For better or worse, it seems corporate blogging—and the title of chief blogger—is beginning to hit its stride. Companies such as Coca-Cola, Marriott and Kodak have recently recruited chief bloggers, with or without the actual title, to tell their stories and engage consumers.



“It’s a good idea to have a chief blogger,” said Mack Collier, a social-media consultant and blogger at the Viral Garden, citing Dell’s Lionel Menchaca and LinkedIn’s Mario Sundar as examples of a personality positively affecting a brand.


At the South by Southwest conference in Austin, Texas, in March, “[Menchaca and Sundar] were getting hugged in the hallway,” Collier said. “And that popularity is bleeding over into Dell and LinkedIn.”


Today, just more than 11 percent of Fortune 500 companies have corporate blogs, according to SocialText, and only a handful have a designated chief blogger. The number of corporate blogs has risen slowly and steadily since the end of 2005, when just 4 percent had any kind of blog.


“The period of ‘We’ve got to do this too’ has passed, and now people are evaluating blogs as tools,” said Paul Gillin, media consultant and author of The New Influencers. “It’s going mainstream because companies are realizing this is a tool that has utility.” He counts about 60 corporate blogs among the Fortune 500.

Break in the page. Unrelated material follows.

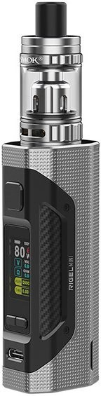 Není určeno pro náplně obsahující nikotin! Smoktech Rigel Mini je vynikající grip s maximálním výkonem až 80W napájený jednou baterií typu 18650, která je uložena pod zadním magnetickým krytem. Odlehčené tělo gripu ze slitiny zinku je pokryto pogumovanou vrstvou s bočními panely z uhlíkových vláken. Na přední straně gripu je umístěn 0,96 palcový dotykový displej se snadným ovládáním. Mezi jeho další přednosti patří ochrana proti zkratu a přehřátí, historie vapingu, či 8-mi vteřinová ochrana žhavení. Výrobce tento grip osadil clearomizerem TFV9 Mini, který spolupracuje se žhavícími hlavami typu V9 a TFV8 Baby. Využívá systém horního plnění - po odsunutí vrchní části plníte liquid otvorem přímo do těla clearomizeru o objemu 3ml. Celý clearomizer je plně rozebíratelný = snadná údržba. Regulace přívodu vzduchu pro nastavení optimální kouřivosti se nachází ve spodní části.

While the title of chief blogger is seductive, analysts and industry insiders said the title shouldn’t be the focus. What’s essential is the brand voice, whether it comes from one chief blogger (such as vice chairman Bob Lutz on General Motors’ FastLane Blog or CEO Jonathan Schwartz on Sun Microsystems’ Jonathan’s Blog) or a group working together, such as those on Southwest and Wal-Mart’s blogs.


No one is saying that a chief blogger or blog voice is right for all brands. Bloggers and analysts said companies that want to blog should identify a specific reason to do so, such as to humanize the company (like Microsoft), make the company more open (like Dell) or advance the fun-and-happy company image (like Southwest).


“Everybody right now wants to or is contemplating starting a blog, but it’s the wrong place to start,” said Sean Howard, director of strategy and innovation at Lift Communications and blogger at CrapHammer.com. “They really need to start with reading, following their customers, commenting on communities. Then think about creating something.”


There can be a downside to corporate blogging with a single chief blogger, if that blogger becomes a lightning rod for online communities’ disdain. “The whole idea of having a chief blogger when social media is so grass roots still smacks of companies trying to control this,” said Jim Nail, chief marketing officer of Cymfony.


In fact, Dave Armano, vice president of experience design at Critical Mass and blogger at Logic & Emotion, touched off a minor storm when he posed a simple question for this article: “Any thoughts about the whole ‘chief blogger’ thing?” Most of the responses fell into one of two camps: “No way; it’s too formalized and a bad idea” or “Yes, it’s a dream job I’d love to have.”


Armano—and many others interviewed for this article—were in a third camp, arguing the focus should be less on the chief blogger title and more on how social media can be used to benefit the brand.


“I’m all for the effect that the chief blogger title creates in saying these are full-time jobs, because they are—it’s hard work. I just think it’s the marketing on it that’s off,” Armano said. “It should be a director of community engagement. That takes the focus off the medium and puts it on the interactions.”


Geoff Livingston, CEO of Livingston Communications and blogger at the Buzz Bin, agreed. “The problem is that too many people focus on the actual tool: the blog,” he said. “What they need to focus on is the principles behind social media that make it work—like participating in a larger community works, and not controlling the conversation works.”